Agenda item

Financial Performance - Quarterly Monitoring

Minutes:

Laura Shipley, Financial Services Manager:

 

a)    presented a report to Performance Scrutiny Committee with a summary of the first quarter’s performance (up to 30th June 2023), on the Council’s

 

·         General Fund

·         Housing Revenue Account

·         Housing Repairs Service

·         Capital Programmes

 

b)    requested that Performance Scrutiny Committee note the changes to the capital programmes

 

c)    provided information on the following:

 

·         General Fund Revenue Account – for 2023/24 the Council’s net General Fund Revenue Budget was set at £14,402,660, including a planned contribution from balances of £191,110 resulting in an estimated level of general balances at the year-end of £2,228,739 (Appendix A provided a forecast General Fund Summary). There were a number of forecast year-end variations in income and expenditure against the approved budget. Full details of the main variances were provided in Appendix B

 

·         Housing Revenue Account –– for 2023/24 the Council’s Housing Revenue Account (HRA) net revenue budget was set with a planned contribution from balances of £58,930, resulting in an estimated general balances at year-end of £1,125,517, after allowing for the 2022/23 outturn position (Appendix C provided a forecast Housing Revenue Account Summary) Although the forecast position was an underspend there was a number of significant variations in income an expenditure. Full details of the main variances were provided at Appendix D

 

·         Housing Repairs Service – For 2023/24 the Council’s Housing Repairs Service (HRS) net budget was set at zero, which reflected its full cost recovery nature. At quarter 1 the HRS was forecasting a deficit of £828,671 in 2023/24. Full details of the main variances were provided at Appendix F

 

·         General Investment Programme – the original General Investment Programme for 2023/24 in the MTFS 2023-28 amounted to £14.1m which was increased to £21.3m following quarter 4 approvals and year end re-profiles from 2022/23. At quarter 1 the programme had been increased by £3.4m to £24.7m as shown at paragraph 7.2

 

The overall spending on the General Investment Programme for the first quarter of 23/24 was £1.9m, which was 7.3% of the 2022/23 active programme (excluding externally delivered schemes) as detailed in Appendix I

 

·         Housing Investment Programme – the revised programme for 2023/24 amounted to £22.174m following the 2022/23 outturn report. At quarter 1 the programme had been decreased by £4.205m to £17.969m. As show in paragraph 7.9 of the report. The overall expenditure on the Housing Investment Programme for the first quarter 23/24 was £1,222m, which was 6.80% of the 2023/24 revised budget as detailed at appendix J of the report. A further £1.203m had been spent as at the end of June 2023

 

d)    invited members’ comments and questions.

 

The committee discussed the report in detail and asked the following questions, it was agreed that answers would be provided from the relevant officers following the meeting:

 

·         Why was the £4k moved from LAD3 Green Homes to Home Upgrade Scheme?
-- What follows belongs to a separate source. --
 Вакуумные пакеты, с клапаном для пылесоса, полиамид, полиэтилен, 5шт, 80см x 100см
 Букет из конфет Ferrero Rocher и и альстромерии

·         Why was there an underspend on the grant, and why didn’t we spend this in full helping residents with energy improvements?
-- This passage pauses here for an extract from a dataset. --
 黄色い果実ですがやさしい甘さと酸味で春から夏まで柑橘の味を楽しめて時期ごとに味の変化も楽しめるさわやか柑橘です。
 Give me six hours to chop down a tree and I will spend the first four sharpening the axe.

·         There was an issue recruiting staff particularly in the trades in housing. Has any thought been given to delaying scheduled work temporarily to see if the situation improved?

·         A huge amount of money was being spent on contractors in the Housing Department. How much would it cost to employ staff instead of contractors?

Members of the committee asked the following questions and received relevant responses from Officers:

Question: What was the total cost of placing people in temporary accommodation?
Response:
It varied depending on the accommodation and the availability of property. The Council could claim back an element of the costs through the housing subsidiary system, the amount that could be claimed back was limited to £91.15 per week. It was forecasted that £863k would be spent on Bed and Breakfasts this year.
Question: Did the Bed and Breakfasts charge the Council a good rate?
Response: Market rate was charged. Officers working out of hours needed to place people in accommodation that night and therefore had to book and pay straight away.


Question: Pleased to see that lower paid workers would receive the highest pay award. If the Unions did not accept the pay offer would employees still receive the award?
Response: The pay would not be implemented until an agreement had been reached.

Question: What was the car park system upgrade and what was the additional card payment fees?
Response: This related to the barrier at the Central car park, a new system was installed which incurred fees, these would be offset by the increased income.
Question: Where would the electric charge points be installed and did the Council receive any revenue from them?
Response: They were predominantly being installed in the car parks, there was a range of deals with providers. The customer paid for the car parking as normal and also pay for the charge on the electric charge point. The Council did not lose any income for providing them.


Comment: There was in issue with recruitment. Employing agency staff or paying for overtime was generating a cost to the Council.
Response: This was a national issue particularly in technical services. The Organisational Development Group was undertaking a big piece of work to look at the issue holistically to provide some solutions such as career grading and succession planning. A report could be provided early next year.

RESOLVED that:

  1. Relevant responses to questions raised by members be provided by officers following the meeting as requested.

 

  1. The report be noted and forwarded to Executive for approval.